I don't know where to start with all the goodness in this quotation for it gets right to the heart of Top Gear's appeal which is to wave those two fingers made famous by English archers at Agincourt in the direction of all the spiritless, pinched, judgemental, snobbish bores like Nell Frizzell, its writer. What Top Gear provides is a brief escape from the endless dribble about climate change, from the institutionalised attack on the motor car, and from the dreary moral high ground inhabited by people who write for The Guardian and appear on Channel 4 News.
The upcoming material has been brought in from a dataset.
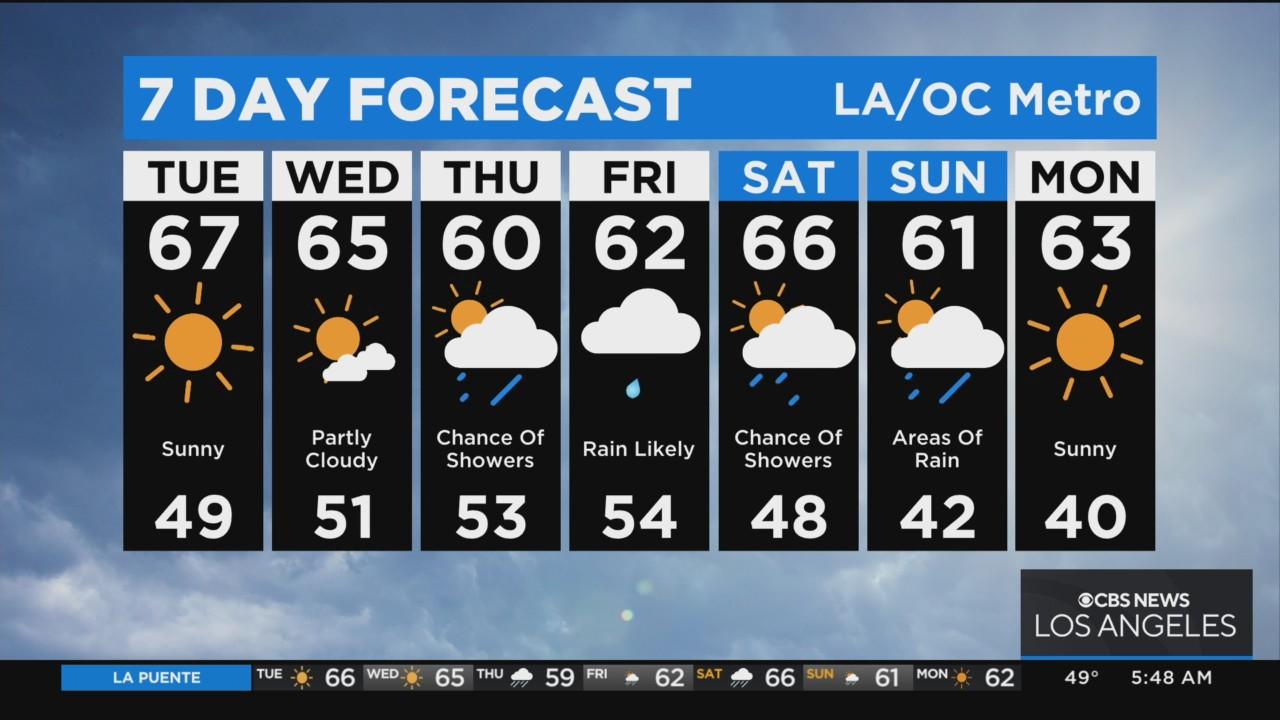 Mostly sunny Tuesday, upper 60s. Rain developing Thursday night into Friday morning. Another system bringing chance of wet weather Saturday and Sunday.
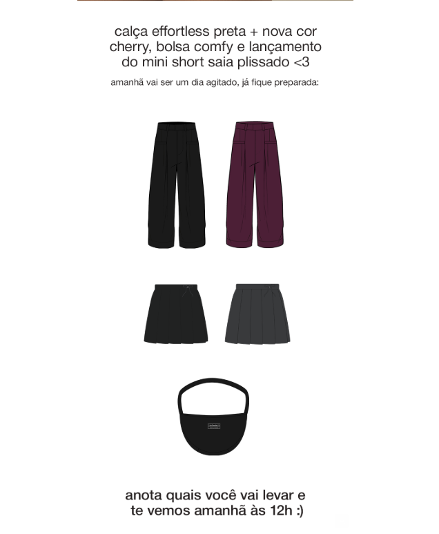 O e-commerce de moda Lela Brandão é craque em e-mails promocionais. Por exemplo, a marca costuma fazer live no dia de lançamento de novas coleções e lança e-mails promocionais de expectativas, como esse:

Cars are great. They sit at the heart of our civilization. Nearly 90% of journeys made are made in cars. The manufacture, sale, maintenance and support of cars is a massive slug of our economy. The modern car is a remarkable feat of engineering, filled with innovation in engine management, fuel efficiency, communications and comfort. And millions - I really mean millions, far more than ever even glance at The Guardian - enjoy the stuff that goes with cars and motor sport.
So Nell Frizzell doesn't like cars (I probably don't believe her on this one but we'll take her at her word). That is, without question, her loss. For the rest of us, we'll carry on enjoying programmes that celebrate cars and car culture, that do so with wit and charm, and that provide the tiniest piece of opposition to the endless boilerplate of green nonsense that infects our media.